Exercise details:
Beginning with the line containing "Importante: Esse processo" and ending with the line containing "Blue Zone Planet", write out each line of the records below exactly; pictures and lines outside that range are left out.

[[ Provided records open ]]

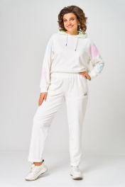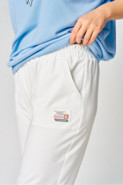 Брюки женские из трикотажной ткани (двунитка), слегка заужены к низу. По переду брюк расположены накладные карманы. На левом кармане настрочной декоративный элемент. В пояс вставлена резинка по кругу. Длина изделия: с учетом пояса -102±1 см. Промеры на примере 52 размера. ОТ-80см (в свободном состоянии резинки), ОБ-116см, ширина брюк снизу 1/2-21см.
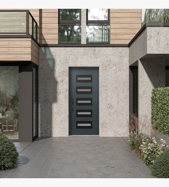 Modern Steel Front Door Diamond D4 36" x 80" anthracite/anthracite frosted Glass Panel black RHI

[[ Provided records closed ]]
[[ Provided records open ]]

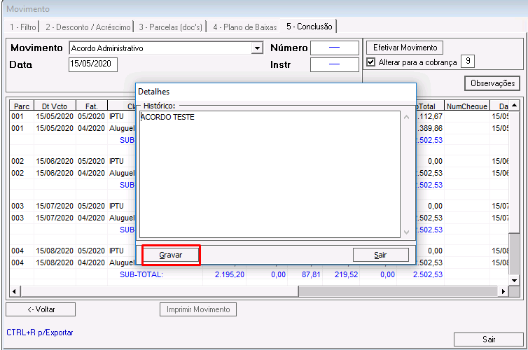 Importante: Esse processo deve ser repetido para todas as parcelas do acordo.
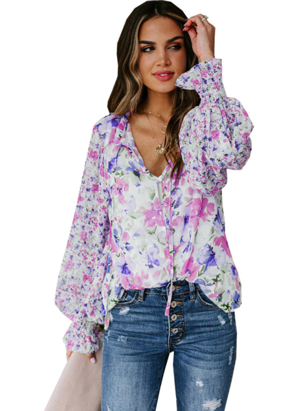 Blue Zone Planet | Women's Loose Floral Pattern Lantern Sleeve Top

[[ Provided records closed ]]

Solution:
 Importante: Esse processo deve ser repetido para todas as parcelas do acordo.
 Blue Zone Planet | Women's Loose Floral Pattern Lantern Sleeve Top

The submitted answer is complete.